Washington Reporter:
As we think about two years from now, what are topics that will be important to continue your work on?
Rep. Jim Jordan:
Censorship and protecting First Amendment are things that American people view as really important. The survey results show that. I’d like to think our committee has something to do with that, based on our work this past Congress. Who'd have thought GARM would have gone out of business after two weeks after a hearing?
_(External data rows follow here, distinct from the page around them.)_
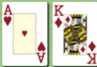
Die höchste Karte (high card)

Die Rangfolge der Kartenkombinationen ist in aufsteigender Wertigkeit wie folgt:
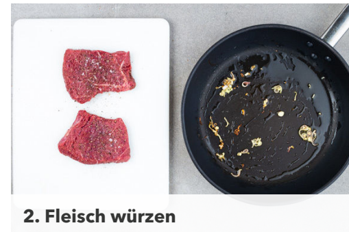
2. Fleisch würzen

Das Fleisch in der Pfanne mit dem Zitronengrasöl bei starker Hitze auf jeder Seite 2-4Min. scharf anbraten, je nach Dicke des Fleisches . Die Hitze reduzieren und das Fleisch noch 1-3Min. abgedeckt garen, je nachdem, ob es medium oder durch sein soll. Das Fleisch abgedeckt auf einem Teller ruhen lassen.
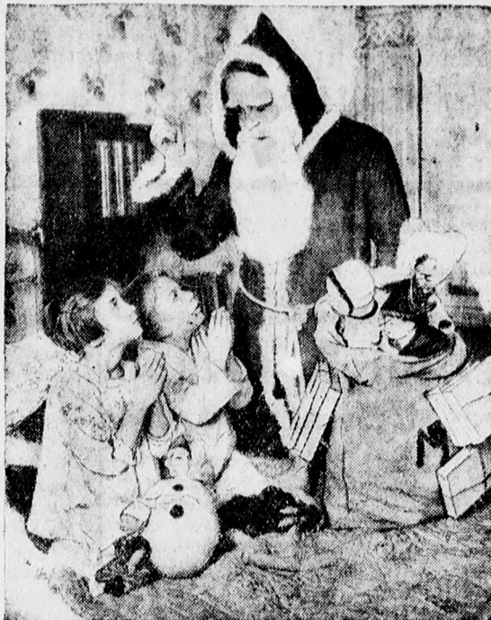
MEGJÖTT A MIKULÁS.

Valami szerény ajándék azért mégis csak került minden gyermek számára s így — ha szerényebben is, mint azelőtt —, de most is örömet hoz a Mikulás a debreceni gyerekeknek.

And to be honest, I don't think anyone ever heard of GARM. I hadn’t heard of GARM until I was sitting in a meeting with the Speaker the House, Kevin McCarthy, and Elon Musk, and we were talking about some of this stuff with the FTC, and some of the stuff with what Taibbi and Shellenberger were exposing. We got that and he goes, ‘by the way, there's this organization GARM, because GARM is harm.’ I never forgot the sentence. And so we started investigating. He was 100 percent right. They're like, bad. We have a hearing, and Ben Shapiro did a great job, and one of the guys from the big media buying outfit up in New York, he testified, I felt kind of bad for him, because he got fired the next day. And then the next thing you know, they're no longer in operation. And then the same thing sort of happened with Climate Action 100. You had State Street, BlackRock, Vanguard, they all got out of the group. That's what the witness said to us. We asked her during the committee, ‘did anyone leave?’ She said ‘yeah,’ and we asked ‘anyone of note?’ She said ‘yeah.’ I asked her why’d they leave, and she said ‘because of your investigation.’
Washington Reporter:
They would have gotten away with it, were it not for Jim Jordan.
Rep. Jim Jordan:
Well, I mean, it's our staff and the team and our members. I know we've made a difference. And then, frankly, we had Tulsi Gabbard and Robert F. Kennedy, Jr. testify.
Washington Reporter:
Tulsi Gabbard, RFK Jr., Bari Weiss, Michael Shellenberger, Elon Musk, and even Donald Trump. Every single one of these people is a former Democrat. Do you feel like your work on a political side is going to be helpful to the GOP in continuing to flip a lot of skeptical Democrats towards your side?
Rep. Jim Jordan:
It was one of the most popular lines of mine on the campaign. I’d say, ‘did you ever think Donald Trump, Elon Musk, RFK Jr, and Tulsi Gabbard would be on the same team?’ We invited Tulsi in to speak, she did a great job when she was still Democrat. We invited RFK Jr in when he was running for president in the Democratic Party. And I took some heat for that, but he's with us on the First Amendment. And shazam, it turned out all right. And Shellenberger and Taibbi weren't Republicans. The other lady who was really good was the journalist from Canada, Rupa Subramanya, she covered the trucker stuff.
Washington Reporter:
My final question for you: you might not feel strongly about this, but I know your constituents do. Ryan Day. What needs to happen?
Rep. Jim Jordan:
That's up to other people. I love the Buckeyes, but I really love the Badger football. Luke Fickell’s a good guy. Fickell was a really good high school wrestler, best heavyweight in the country, and he's a great guy. And unfortunately, they went 5-7. It's tough. Hopefully, they'll turn it around. And the Buckeyes, they might win the National Championship. If they win the National Championship, everything's fine.
Washington Reporter:
Thanks so much for chatting, Congressman Jordan. We appreciate your time.